Novel A Wild Last Boss Appeared || Yasei No Last Boss Ga Arawareta! Chapter 183
Home / A Wild Last Boss Appeared / 183: Ruphas Blocked The Ball!
Penulis:
Fire Head (炎 頭)
Penerjemah:
Hand of Vecna
Editor:
TpstT, Keii
🏠 https://handofvecna.blogspot.com
Ketika
Dewi memberikan kekuatan kepada yang lain, dia pertama-tama akan memastikan
bahwa orang tersebut menginginkan kekuatan. Ini memastikan bahwa orang tersebut
secara alami akan menerima kekuatan dan menggunakannya dengan bebas.
Bahkan
jika dia tidak melakukannya, Dewi masih bisa mengendalikan orang tersebut.
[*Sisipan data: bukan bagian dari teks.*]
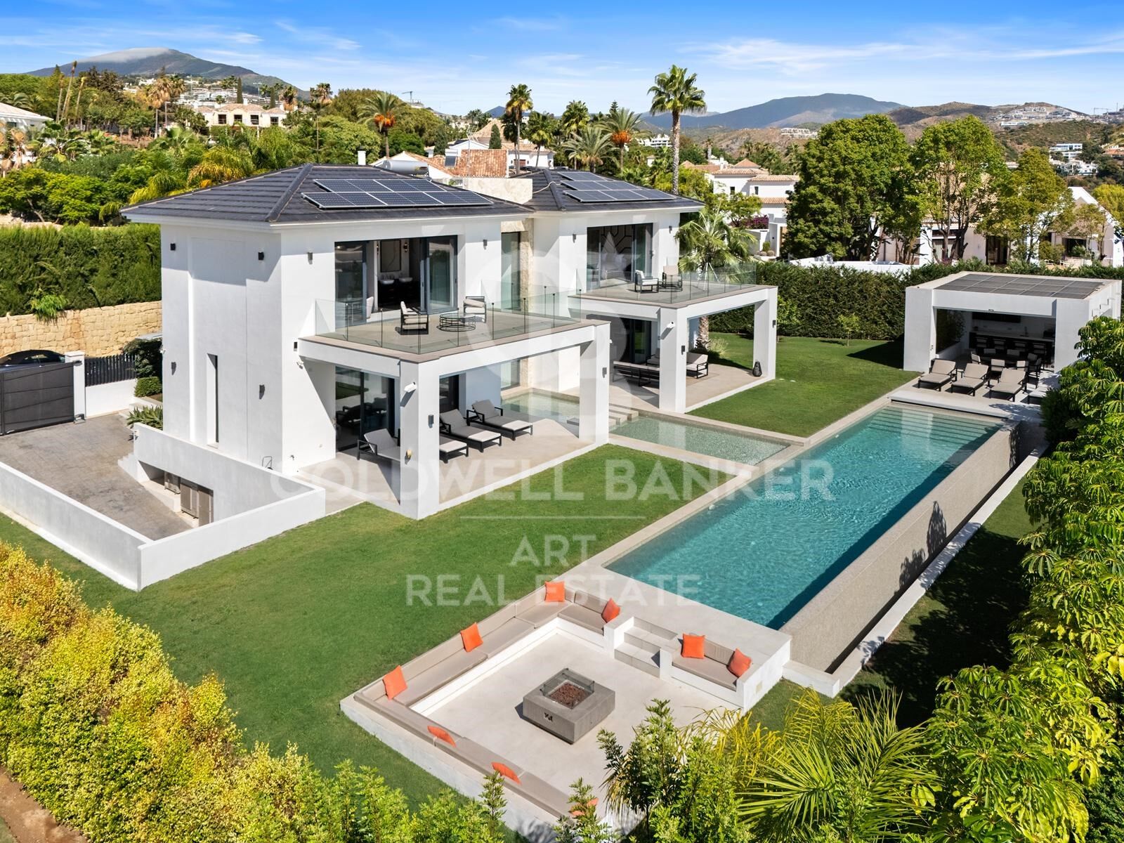 Im Inneren verfügen die Schlafzimmer über private Terrassen und moderne Ausstattungen, ergänzt durch einen Entertainment-Raum im Kino-Stil mit Bar, Billardtisch und Großbildprojektor.
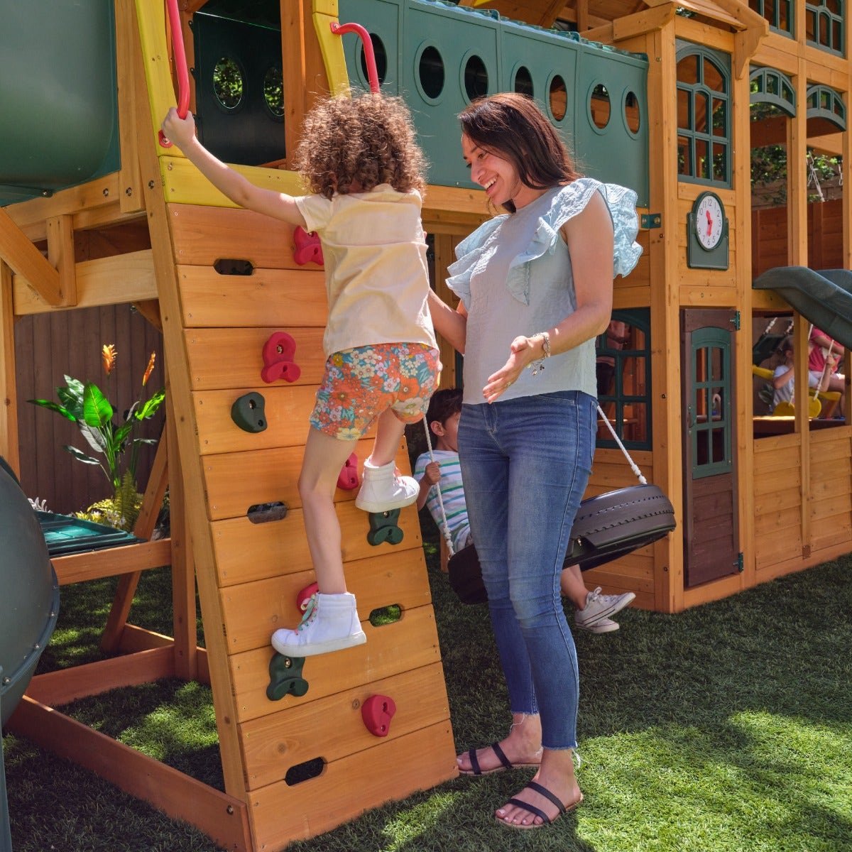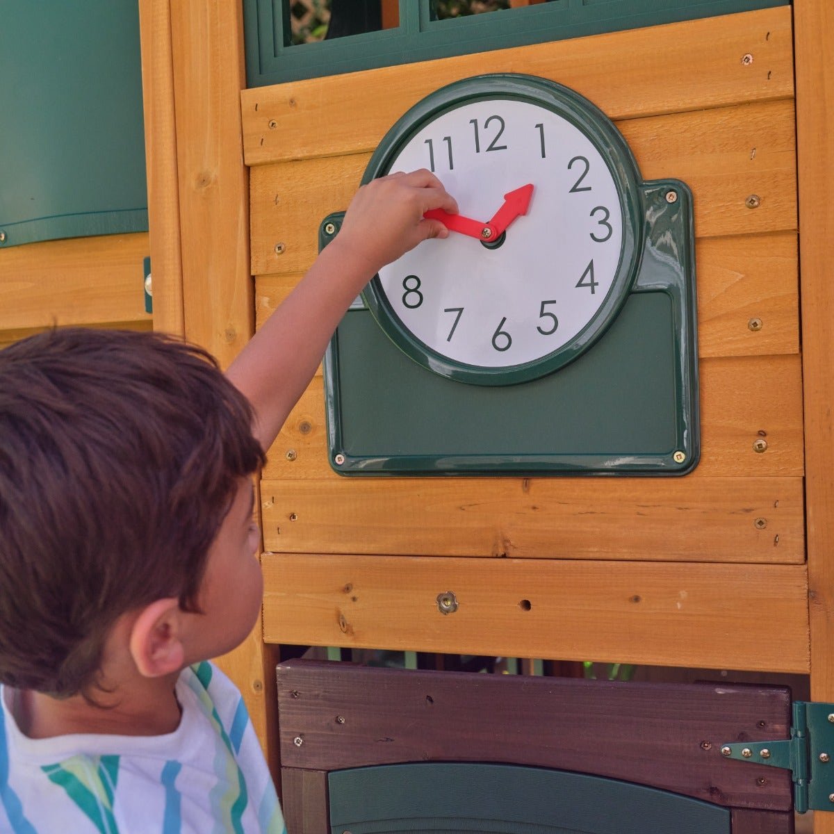Give your little cubs an extraordinary backyard experience to climb, swing, slide and imagine all day long with the Bear Cave Lodge Swing Set / Playset from KidKraft. Our largest swing set, it includes a clubhouse complete with door, kitchen, accessories and even a cafe window and bench! The second level offers up plenty of room for make believe play. Sliding down the double wave slides with a pal makes for friendly competition. Two rock ladders encourage extra exercise while the inviting tunnel is a fun way to crawl to the lookout tower for expanded adventures. There, kids will discover a telescope and twisty tunnel slide. For hands-on messes, let kids explore the sand/water station. Divided sections give kids individual spaces for ultimate creativity. So, set the moveable hands clock to “playtime” and let the excitement begin with the KidKraft Bear Cave Lodge Swing Set!
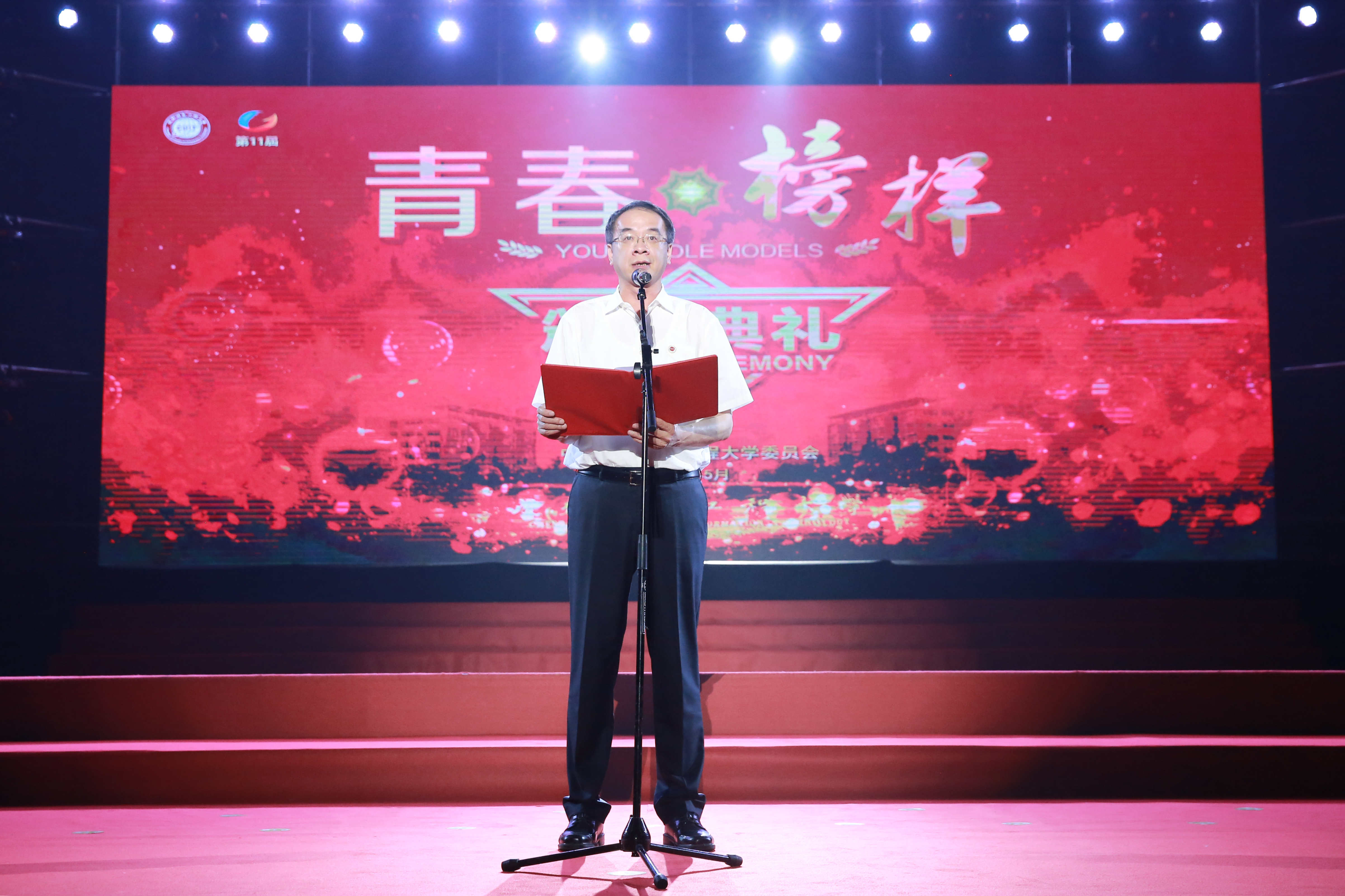 【本网讯】5月25日晚,学校纪念“五四”运动99周年暨2017年度“青春榜样”颁奖典礼在航空港校区体育馆举行。学校党委书记周激流,校长余敏明,副校长于世祥、贺盛瑜、何建新,全体中层干部、辅导员老师、部分师生代表和2017年度青春榜样获得者参加了颁奖典礼。
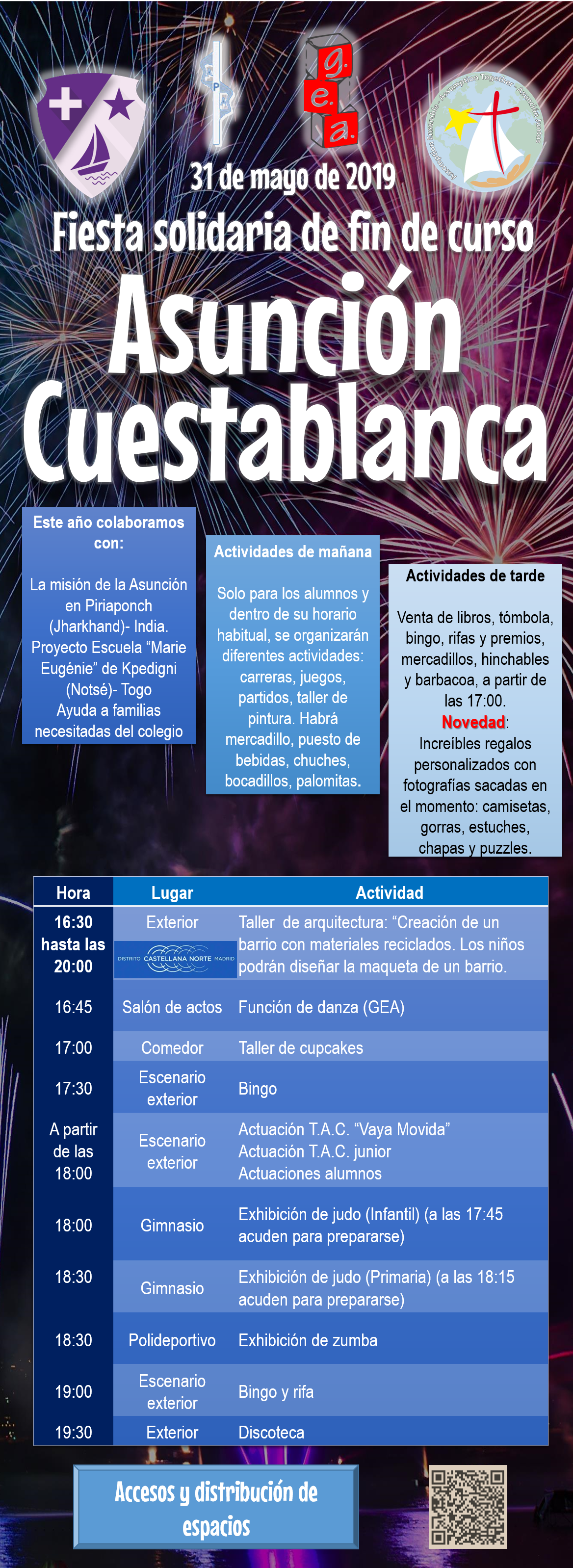 En el calendario de la Comunidad Educativa el 31 de mayo de 2019 está marcado en rojo porque es nuestra fiesta. Nuestra fiesta solidaria y de fin de curso. Aquí iremos compartiendo imágenes del día. De momento compartimos la organización del día. Buen día a todos.
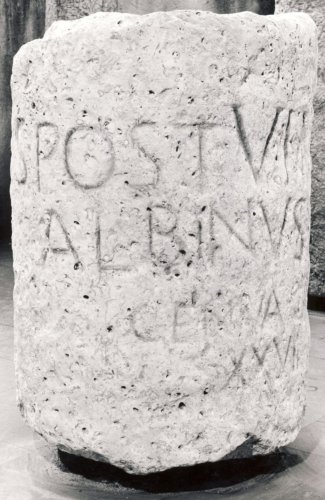 - NOTIZIE STORICO CRITICHE Complesse e controverse sono le questioni relative all'originaria collocazione e al materiale di produzione del miliare. Esso doveva essere collocato a XXVII miglia (km 39,6) da Cremona sulla strada per Verona, lungo la via consolare della Postumia, costruita inizialmente con finalità strategiche militari per congiungere Genova ad Aquileia, attraverso i centri maggiori di Piacenza, Cremona, Verona, Vicenza, Oderzo e Concordia. Dopo la formula onomastica del fondatore della via, S. Postumius Albinus, console nel 148 a.C., il miliare riporta la distanza (122 miglia = km. 180.5) che doveva intercorrere tra Genova e Cremona, dato confermato in seguito dallItinerarium Antonini (si veda CALZOLARI 1998). Gli itinerari antichi non descrivono, però, il tratto Cremona Verona, eccezione fatta per la Tabula Peutingeriana che lo ricorda fino a Bedriacum (odierna S. Andrea in Calvatone, si veda BOSIO 1970). A Cremona, dopo aver attraversato il Po, la via Postumia entrava nella X regio dirigendosi verso Piadena, poi a Calvatone e portandosi a Goito con un rettifilo (direzione nord-est) attualmente riconoscibile su terreno. Successivamente con un altro rettifilo la via Postumia doveva giungere a Villafranca e proseguire fino a Verona lungo il percorso dellodierna SS 62. Si ritiene che il miliare in questione fosse in origine posto lungo il tratto Calvatone-Goito, precisamente V miglia ad est dellantica Bedriacum (si veda BASSO 1986). La presenza del numerale VIIII in seguito sovraiscritto al nome Postumius, porterebbe alla formulazione di due possibili ipotesi: 1) uno spostamento della pietra già in antico, sulla base del fatto che proseguendo per VIIII miglia da Bedriacum si giunge presso il Mincio e dunque il miliare sarebbe stato ricollocato subito prima dellattraversamento del fiume (si veda BUCHI 1982); 2) il miliare non è stato spostato dalloriginaria ubicazione e il numerale VIIII andrebbe ad indicare la distanza del cippo dal Mincio, in prossimità di un punto dincrocio tra la Postumia e unantica strada militare che avrebbe congiunto Brescia con Mantova (si veda BASSO 1986 e CALZOLARI 1998). Ulteriormente controversa è linterpretazione del numerale XXVII (r. 4). Lipotesi tradizionale e successivamente accreditata da Calzolari (si veda CALZOLARI 1998) ritiene che XXVII si riferisca alla distanza del miliare da Cremona, in direzione di Verona. Calzolari sottolinea che XXVII miglia, sia conteggiate da Cremona che da Verona, andrebbero a designare una località tra lOglio e il Mincio. Il calcolo da Verona andrebbe però ad ubicare il cippo in un punto anonimo della via Postumia, mentre il computo da Cremona consentirebbe di ubicare il miliare in coincidenza di un diverticolo, scoperto da recenti indagini topografiche, che dipartirebbe dalla via Postumia in corrispondenza di Rodondesco, comune che si ritiene essere posto presso un cardo Mantuanus. Se cosi fosse, poiché il miliare è contemporaneo allapertura della strada, risulterebbe evidente che già nel progetto iniziale era previsto un raccordo con Mantova (si veda TOZZI 1972). La questione sulloriginaria collocazione del miliare di S. Postumio Albino è stata risollevata a seguito dello studio litologico del cippo che ha evidenziato lutilizzo di un calcare a rudiste proveniente dal Carso triestino. Dibattuta è la questione sul motivo per cui si sia impiegato un materiale di provenienza carsica in unarea ricca di materiali dalle buone caratteristiche litologiche quale quella del Veronese. A questo proposito si è cercato di considerare limpiego del miliare in pietra triestina ai confini occidentali della Venetia allinterno di un progetto di sistemazione viaria non limitato ad un ambito locale. Pertanto si potrebbe pensare che unofficina possa essere stata incaricata di fornire miliari anche al di fuori dellambito locale di produzione e ciò si giustificherebbe allinterno di unopera non di carattere locale ma relativa, se non a tutta la Postumia, almeno al tratto che attraversa la decima regio (si veda GROSSO-ZANCO 2003).
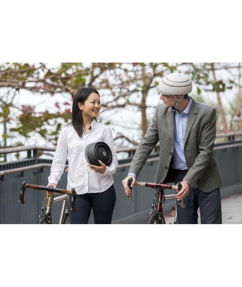 Se pliega fácilmente en menos de un segundo mediante un sistema que reduce a más de la mitad su volumen. Con un diseño minimalista pensado para aquellos que quieren seguridad sin renunciar a la elegancia. Disponible en negro y blanco. Incorpora chip NFC. Viseras intercambiables. Premio Delta de Oro ADI-FAD, 2016.

Bukan tidak mungkin untuk memaksa seseorang menjadi boneka bahkan jika orang
tersebut menolak kekuatannya ... Dan orang tersebut harus memiliki ketabahan
mental yang mirip dengan Benetnash untuk melawannya. Dengan kata lain, Dewi
bisa mengendalikan Sei kapan pun dia mau.
Jadi
kenapa dia tidak melakukan itu? Alasannya sederhana… Itu karena dia masih
terlalu lemah. Tidak peduli seberapa besar statusnya ditingkatkan, boneka yang
tidak bisa membuat keputusan sendiri akan penuh dengan celah, jadi itu tidak
akan berguna sebagai unit tempur.
Karena
Dewi terlalu kuat, dia tidak akan menyadari kejadian kecil yang terjadi di
dunia kecil. Misalnya, jika seseorang bermain game dari sudut pandang Tuhan,
pemain tidak akan melihat nyamuk kecil yang muncul melewati karakter game
tersebut. Ini karena karakternya terlalu kecil.
Ini
akan menjadi kesalahan fatal dalam pertempuran. Itu hampir seperti tidak
berdaya. Mungkin bisa dikelola jika ada perbedaan besar di antara para
petarung, tapi lawan kali ini adalah Ruphas Mafahl. Pahlawan yang penuh dengan
celah tidak akan menjadi lawan sama sekali.
Inilah
mengapa, ketika dia mengendalikan Alioth dan yang lainnya saat itu, dia tidak
menghilangkan keinginan mereka. Pollux adalah kasus khusus, karena dia benar-benar
boneka. Dia lemah dari awalnya, jadi akan ada celah terlepas. Lagipula
Argonautlah yang akan bertarung.
Oleh
karena itu, kebangkitan pahlawan harus mengikuti urutan yang tepat dengan
terlebih dahulu membuat pahlawan tersebut menyadari ketidakberdayaannya
sendiri. Sang Dewi kemudian akan memberinya kekuatan ketika dia mencarinya atas
kemauannya sendiri.
Namun,
rencana itu benar-benar berantakan karena pengkhianatan satu orang. Dina, yang
merupakan avatarnya, telah tersesat. Tidak berlebihan untuk menganggapnya
sebagai Alovenus yang lain, karena dia memiliki kepribadian dan ingatannya.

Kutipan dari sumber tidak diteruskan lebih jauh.